Ведь он был всего-навсего четырнадцатилетним подростком, которому кажется, что он действительно все знает. Маленький Жан уже обмяк у него на плече, так как впервые за несколько месяцев по-настоящему плотный ужин подействовал на него усыпляюще. Дети стали подниматься по лестнице. И их смех, когда они достигли верхней ступеньки, болью отозвался в моем сердце.
Немцы ушли после одиннадцати. В городе уже год как действовал комендантский час, и когда наступала ночь, мы с Элен сразу отправлялись спать, поскольку у нас не было ни свечей, ни газовых ламп. Бар закрывался в шесть, по крайней мере стал закрываться с начала оккупации, и мы уже тысячу лет не оставались так долго на ногах. И теперь буквально падали от усталости. В животе бурчало и булькало после неожиданно обильной еды, тем более что в последние месяцы мы были на грани голодной смерти. Я увидела, что сестра, отмывавшая сковородки, еле стоит. Я чувствовала себя все же не такой усталой и мысленно постоянно возвращалась к съеденному за ужином цыпленку. У меня было такое чувство, будто давным-давно убитые нервы снова возродились к жизни. Во рту до сих пор стоял вкус жареного мяса, а в носу — его запах. И эти воспоминания ярким угольком горели в мозгу.

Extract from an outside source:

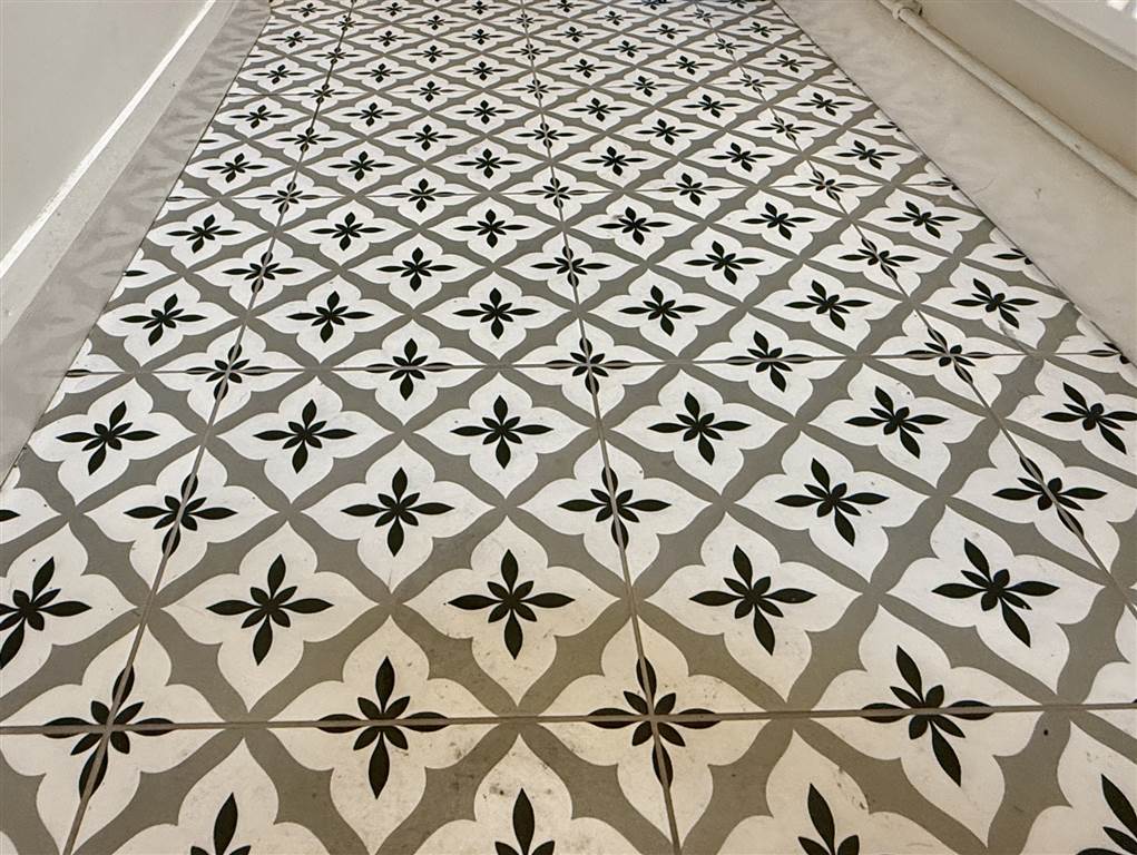 Front door to entrance hall, ceramic tiled floor.

После того как кухня была практически приведена в порядок, я отослала Элен наверх. Она устало откинула прядь волос со лба. В свое время сестра была красавицей. Когда я видела, как эта ужасная война ее состарила, то начинала думать о собственном лице. Узнает ли меня мой муж, когда вернется?!
— Не хочу оставлять тебя наедине с ними, — сказала она.
В ответ я только покачала головой. Я ничего не боялась. На душе было легко и спокойно. Поднять мужчин с места после сытного ужина — задача не из легких. Они много пили, но в бутылках осталось не больше трех бокалов на каждого; вряд ли с такого количества их потянет на подвиги. Господь свидетель, отец наш дал нам не слишком много, но научил понимать, когда надо бояться, а когда нет. Я могла с одного взгляда на незнакомого человека определить — по его напрягшейся нижней челюсти и сузившимся глазам — момент, когда внутреннее напряжение способно вылиться во вспышку насилия. А кроме того, скорее всего, комендант не допустит ничего подобного.
Я осталась на кухне и занималась уборкой до тех пор, пока не услышала звук отодвигаемых стульев. Похоже, они собрались уходить.
— Теперь можете закрываться, — произнес комендант, и я с трудом удержалась, чтобы не ответить ему колкостью. — Мои люди хотят поблагодарить вас за отличный ужин.
Я наградила офицеров едва заметным кивком. Мне не хотелось демонстрировать немцам благодарность за комплименты.
Но комендант явно не рассчитывал на ответ. Он надел на голову шлем, а я достала из кармана заполненные формы и протянула ему. Он бросил на них беглый взгляд и несколько раздраженно вернул мне обратно.
— Я не держу у себя таких вещей. Отдайте человеку, который привезет вам завтра продукты.
— Desolee, [10] — произнесла я, и это слово мне было известно слишком хорошо. Внутренний протест толкал меня на то, чтобы унизить его, хотя бы на время низведя до уровня солдата из вспомогательных войск.
Я стояла и смотрела, как они надевают шинели и шлемы. Одни, попытавшись продемонстрировать остатки хорошего воспитания, задвинули за собой стулья, другие же не стали себя утруждать, словно имели право вести себя везде по-хозяйски. Вот такие дела, думала я. Значит, нам придется до конца войны стряпать для немцев.
А еще я гадала про себя, что было бы, если бы мы готовили не так хорошо. Может, и проблем оказалось бы меньше. Но мама навсегда вбила нам в голову, что плохо готовить — уже само по себе непростительный грех. Возможно, мы были предателями, возможно, поступали аморально, но я знала наверняка, что мы навсегда запомним тот вечер, когда впервые за долгое время ели жареного цыпленка. А когда я подумала, что это, наверное, не в последний раз, у меня слегка закружилась голова.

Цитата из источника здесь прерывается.